RECORDS TO PROCESS -
====

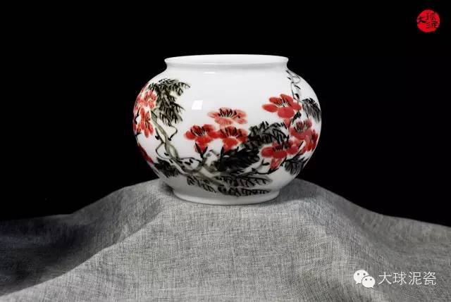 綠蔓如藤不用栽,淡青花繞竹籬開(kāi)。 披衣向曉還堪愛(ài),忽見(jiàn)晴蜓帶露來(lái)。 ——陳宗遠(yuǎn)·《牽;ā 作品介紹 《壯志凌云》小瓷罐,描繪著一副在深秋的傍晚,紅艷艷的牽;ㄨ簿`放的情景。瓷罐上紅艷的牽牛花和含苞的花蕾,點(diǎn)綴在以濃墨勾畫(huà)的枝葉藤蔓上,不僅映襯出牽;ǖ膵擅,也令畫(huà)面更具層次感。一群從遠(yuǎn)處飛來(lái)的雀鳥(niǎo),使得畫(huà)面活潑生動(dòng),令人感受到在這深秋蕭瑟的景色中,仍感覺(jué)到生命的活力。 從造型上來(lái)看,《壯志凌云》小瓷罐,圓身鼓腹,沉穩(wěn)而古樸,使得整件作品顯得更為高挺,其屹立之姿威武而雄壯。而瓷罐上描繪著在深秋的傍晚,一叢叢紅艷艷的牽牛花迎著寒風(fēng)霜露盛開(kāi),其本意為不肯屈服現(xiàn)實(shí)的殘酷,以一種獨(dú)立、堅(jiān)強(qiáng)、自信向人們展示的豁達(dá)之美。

====

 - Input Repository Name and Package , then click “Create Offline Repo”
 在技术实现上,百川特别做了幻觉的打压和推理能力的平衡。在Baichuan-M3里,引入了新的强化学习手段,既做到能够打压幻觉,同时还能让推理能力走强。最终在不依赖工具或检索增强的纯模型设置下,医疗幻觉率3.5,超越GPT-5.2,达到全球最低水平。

====

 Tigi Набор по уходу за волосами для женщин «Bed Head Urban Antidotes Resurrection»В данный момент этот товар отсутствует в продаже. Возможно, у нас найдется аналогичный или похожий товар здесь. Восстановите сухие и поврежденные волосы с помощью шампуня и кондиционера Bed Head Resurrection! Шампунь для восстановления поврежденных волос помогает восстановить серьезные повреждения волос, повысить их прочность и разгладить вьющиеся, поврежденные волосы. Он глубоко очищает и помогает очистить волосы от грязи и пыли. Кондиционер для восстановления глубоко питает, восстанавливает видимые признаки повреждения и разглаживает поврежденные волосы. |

====

WHAT THE EXERCISE ASKS - Everything above from the line with "- Input Repository" to the line with "在技术实现上,百川特别做了幻", both included, must be repeated exactly, and nothing outside that range.

RESPONSE AREA -
 - Input Repository Name and Package , then click “Create Offline Repo”
 在技术实现上,百川特别做了幻觉的打压和推理能力的平衡。在Baichuan-M3里,引入了新的强化学习手段,既做到能够打压幻觉,同时还能让推理能力走强。最终在不依赖工具或检索增强的纯模型设置下,医疗幻觉率3.5,超越GPT-5.2,达到全球最低水平。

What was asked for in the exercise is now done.